In my mind, nothing could be further from the truth. When you have three kids and only one in school, someone who comes to your house can actually make financial sense. Our childcare arrangement has nothing to do with anything but making sure the kids are loved and cared for while we’re at work. They are and they’re happy and that makes us happy. Our girls were interested in guitar and Highland Dancing. Lessons happen while we’re at work. We are blessed with incredible friends (and our Nanny) who help us manage the driving schedule so the kids can pursue things they’re passionate about. It’s our choice and right now, it works for our family.
On the surface, if you take the choices we’ve made and the realities of my life that I listed at the top of this blog, I could see how you’d judge me as being removed from the lives of my children. But here are some things you don’t know…
I pack every lunch. I pack every backpack. I tuck them in every night. I read them stories every night. We eat meals together. We dance. We sing. We laugh. We don’t schedule any activities (unless they are family activities like skiing) on the weekends so that we can do things as a family. We never miss a recital, a performance or a parent-teacher interview. We make the most of moments. We are fun. Our kids know they are loved. We escape to our camp (that has no electricity) every weekend in the summer for swimming and campfires and outdoor play. We hug and snuggle and kiss and play wrestle a lot. Nothing lights up my life like our kids.

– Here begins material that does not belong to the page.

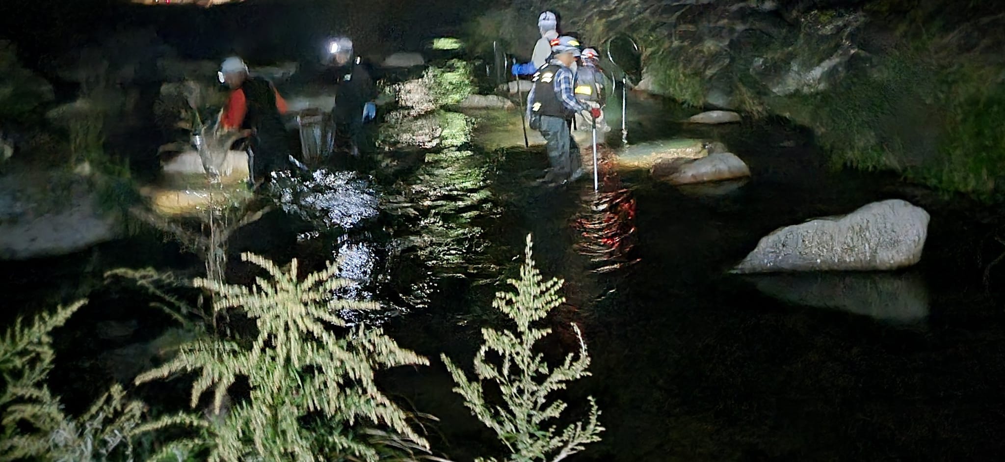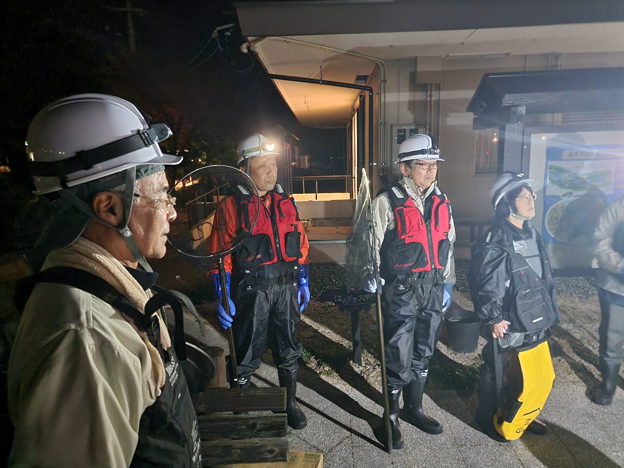 夜間に河川に入って水中を照らすとエビやカニ、魚も多く、このきれいな川を維持できるように住みたいなとも思いました。

But I admit it. I’m guilty. I’ve judged other Moms and in doing so, have been a contributor to the Mommy Wars. And now that I’ve looked at my life how others could perceive it, I feel pretty badly about it. Parenting doesn’t come with a manual. We all do everything we can to be the absolute best parents we can be. The simple facts are that I want the best for my kids just like you do and I love my kids just as much as you do. I’m now committed to judging less and supporting more. I hope you’ll join me in that.
Unless of course you hurt or mistreat your children. Then I reserve the right to judge.